Varietal Blend: Bordeaux Varietals, undisclosed %’s
Fermentation: 100% French Oak for 23 Months in Oak
Suggested Retail: $95.00
WineSellar Club Case Price: $89.99
Broad Strokes:
This is one of those wines THAT MAKES A HUGE STATEMENT. It makes a huge statement of quality, character, class, origin and pedigree. The vines are neighbor to Peter Michael, and come from varying soil types, mostly volcanic and iron rich alluvial. The winemaker, Douglas Danielak, has put together a raging, outstanding example of just how great a wine can be.
And, fortunate Gary Parker Collection members, only 75 cases were produced, and none of it has been sold to a Southern California account. This wine is one of the best we have ever had in our club, and I implore you to try and purchase at least a few bottles for your collection. You’ll love yourself for it!
Appearance:
I like the word Chevalier, and the fact that it has a family symbol/crest on the top. A touch of Europe in the United States. The punt (the bottom of the bottle) goes up higher than 99% of the rest. Black label with gold trim is manly, but the rendering of the vineyards gets a little lost in all of it. The fonts are hard to read also. However, the wine isn’t! Black at the core, you can see down about 3/4 inch until it blocks off to opaque. Super slow drips as it curtains down the glass like 40 weight oil.
Nose:
I am going to use the wine makers notes, as he is spot on with his assessments. “Elegant, complex, well-integrated and rich. Attractive aroma mingles cassis, blackberry fruit, spice, violets, sweet cedar, leather, vanilla, earth and salami. Flavors mirror the aroma with rich texture and a long mineral finish”.
Texture:
Texture, texture, texture! Oh my! (Pardon me Dick Enberg). This is amazing. Super extracted fruit and richness, very intense, well-rounded, big, fine line of acid and tannic acid, wood acid, length, power, balance. It commands your attention, and will not go unnoticed at any one sip, first to last. Basically, the texture is a showstopper. The finish confounds with dizzying bursts of flavors and textures.
Flavor:
Go back to the nose for the flavor profile, as winemaker Douglas Danielak suggests. Add sweet vanilla oak, deep cherry, a crush of fresh herb and dark soil.
Serving Options:
More like cellaring than serving options. After trying your first one, I would wait 3-5 years before trying the next. Then another year or two after for each one you have put away. I believe this is a wine of great pedigree, and will last 15 years plus, stored correctly. The powerful fruit and rich character will meld into fine complexities for us to enjoy later in our lives. WOW!
Spicy Hollandaise Sauce
Here’s a twist on a classic recipe, which can be used for Sunday morning Eggs Benedict, or over any kind of white fleshed fish, shrimp, lobster, or even vegetables. This sauce would be a perfect match with the fruit and acid features of our WineSellar Wine Club wine this month, Field Recordings Anti-Wine
Ingredients:
- 4 egg yolks
- 1 tablespoon freshly squeezed lemon juice
- 1/2 cup unsalted butter, melted (1 stick)

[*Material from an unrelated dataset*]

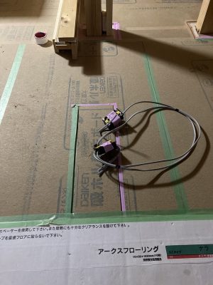 ダイニングに壁掛けテレビを設置する予定なので、「ダイニングテーブルの高さが大体70cmなので~」とスケールを当てると「え~こんなに低いっけ?」とi様ご夫婦の第一声。まだ天井も壁も出来ていない室内は広々しているので、70cmが小さくみえてしまうんですね。これは、電気打合せで結構皆さん疑われるので、これから何人「え~」と言われるかカウントして楽しんでみようかと思います👍

- Pinch cayenne, or ½ teaspoon of red pepper flakes or sriracha sauce or your favorite chili sauce
- Pinch salt
Method:
- Vigorously whisk the egg yolks and lemon juice together in a stainless steel bowl and until the mixture is thickened and doubled in volume.
- Place the bowl over a saucepan containing barely simmering water (or use a double boiler,) the water should not touch the bottom of the bowl.
- Continue to whisk rapidly. Be careful not to let the eggs get too hot or they will scramble.
- Slowly drizzle in the melted butter and continue to whisk until the sauce is thickened and doubled in volume.
- Remove from heat, whisk in cayenne and salt.
- Cover and place in a warm spot until ready to use.
- If the sauce gets too thick, whisk in a few drops of warm water before serving.